[Data items]
════════

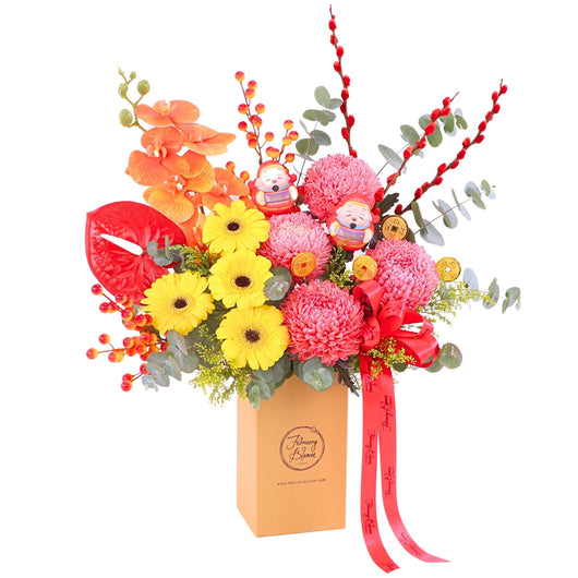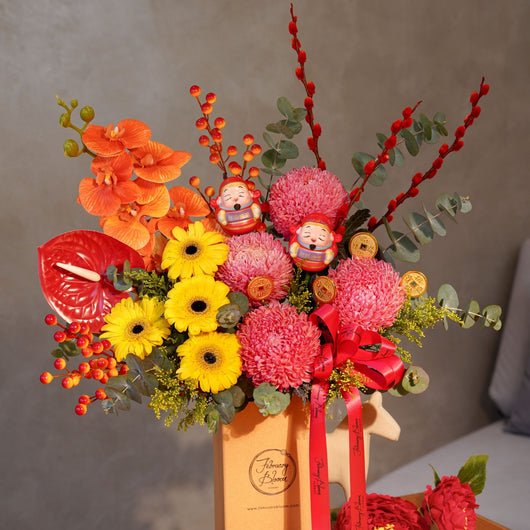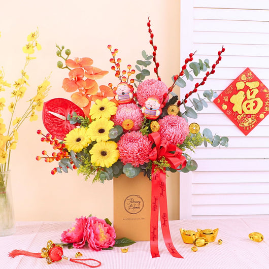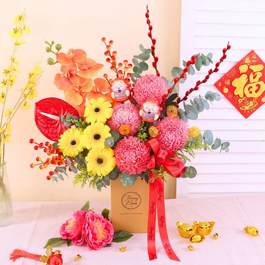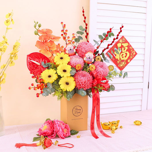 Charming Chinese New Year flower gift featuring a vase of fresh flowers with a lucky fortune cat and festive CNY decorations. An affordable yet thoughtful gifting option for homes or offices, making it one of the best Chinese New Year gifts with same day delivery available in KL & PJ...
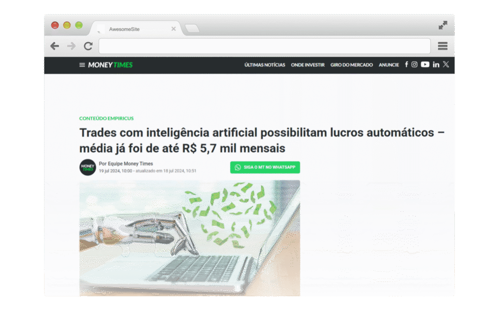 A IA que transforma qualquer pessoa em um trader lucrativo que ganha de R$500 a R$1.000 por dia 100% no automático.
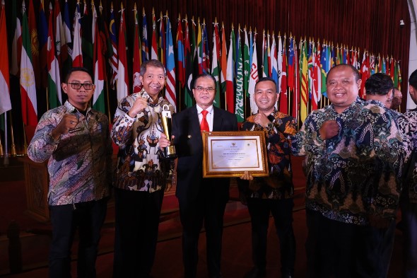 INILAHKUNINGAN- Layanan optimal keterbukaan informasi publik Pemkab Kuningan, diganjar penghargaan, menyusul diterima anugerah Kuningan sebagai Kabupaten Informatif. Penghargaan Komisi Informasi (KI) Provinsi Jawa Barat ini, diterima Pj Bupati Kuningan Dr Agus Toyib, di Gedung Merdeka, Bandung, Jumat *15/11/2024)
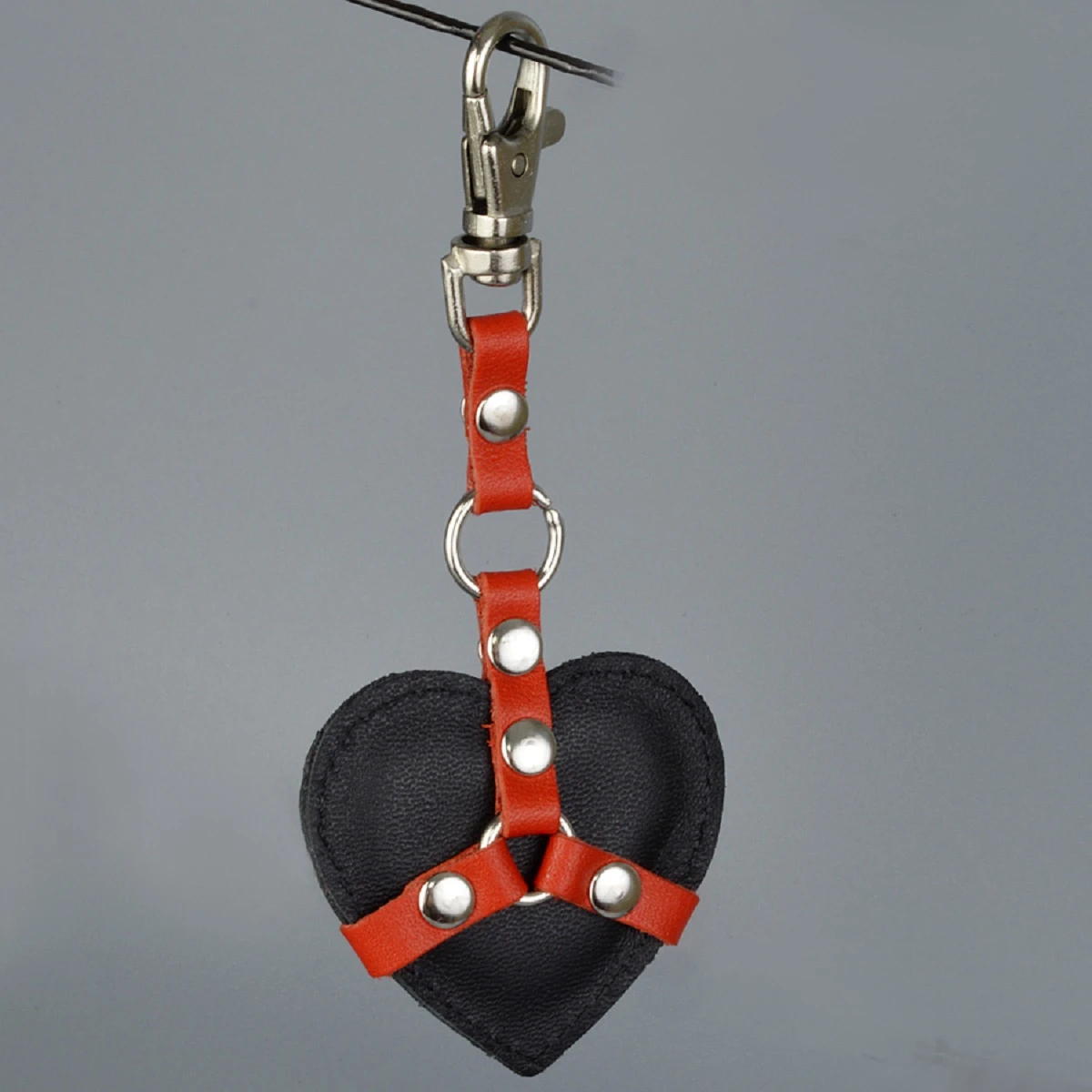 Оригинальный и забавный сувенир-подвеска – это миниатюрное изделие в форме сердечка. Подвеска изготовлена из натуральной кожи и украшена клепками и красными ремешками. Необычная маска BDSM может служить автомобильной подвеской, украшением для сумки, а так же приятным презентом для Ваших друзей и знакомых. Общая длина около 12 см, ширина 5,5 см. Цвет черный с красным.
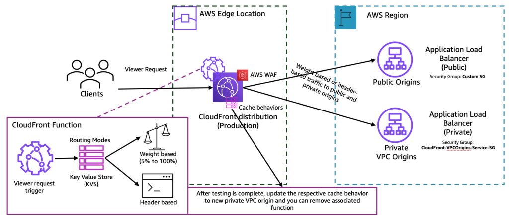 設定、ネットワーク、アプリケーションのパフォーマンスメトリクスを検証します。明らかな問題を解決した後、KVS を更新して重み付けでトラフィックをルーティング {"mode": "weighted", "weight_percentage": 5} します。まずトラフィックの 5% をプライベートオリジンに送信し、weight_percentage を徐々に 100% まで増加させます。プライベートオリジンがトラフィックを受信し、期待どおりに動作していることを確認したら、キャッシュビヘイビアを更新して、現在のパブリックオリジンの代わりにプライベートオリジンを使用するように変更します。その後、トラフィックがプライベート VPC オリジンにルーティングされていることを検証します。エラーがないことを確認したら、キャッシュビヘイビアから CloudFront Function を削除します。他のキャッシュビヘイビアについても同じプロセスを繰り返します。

════════

Required action:
Your reply must contain each entry exactly as written and no pictures.

Result of this task:
 Charming Chinese New Year flower gift featuring a vase of fresh flowers with a lucky fortune cat and festive CNY decorations. An affordable yet thoughtful gifting option for homes or offices, making it one of the best Chinese New Year gifts with same day delivery available in KL & PJ...
 A IA que transforma qualquer pessoa em um trader lucrativo que ganha de R$500 a R$1.000 por dia 100% no automático.
 INILAHKUNINGAN- Layanan optimal keterbukaan informasi publik Pemkab Kuningan, diganjar penghargaan, menyusul diterima anugerah Kuningan sebagai Kabupaten Informatif. Penghargaan Komisi Informasi (KI) Provinsi Jawa Barat ini, diterima Pj Bupati Kuningan Dr Agus Toyib, di Gedung Merdeka, Bandung, Jumat *15/11/2024)
 Оригинальный и забавный сувенир-подвеска – это миниатюрное изделие в форме сердечка. Подвеска изготовлена из натуральной кожи и украшена клепками и красными ремешками. Необычная маска BDSM может служить автомобильной подвеской, украшением для сумки, а так же приятным презентом для Ваших друзей и знакомых. Общая длина около 12 см, ширина 5,5 см. Цвет черный с красным.
 設定、ネットワーク、アプリケーションのパフォーマンスメトリクスを検証します。明らかな問題を解決した後、KVS を更新して重み付けでトラフィックをルーティング {"mode": "weighted", "weight_percentage": 5} します。まずトラフィックの 5% をプライベートオリジンに送信し、weight_percentage を徐々に 100% まで増加させます。プライベートオリジンがトラフィックを受信し、期待どおりに動作していることを確認したら、キャッシュビヘイビアを更新して、現在のパブリックオリジンの代わりにプライベートオリジンを使用するように変更します。その後、トラフィックがプライベート VPC オリジンにルーティングされていることを検証します。エラーがないことを確認したら、キャッシュビヘイビアから CloudFront Function を削除します。他のキャッシュビヘイビアについても同じプロセスを繰り返します。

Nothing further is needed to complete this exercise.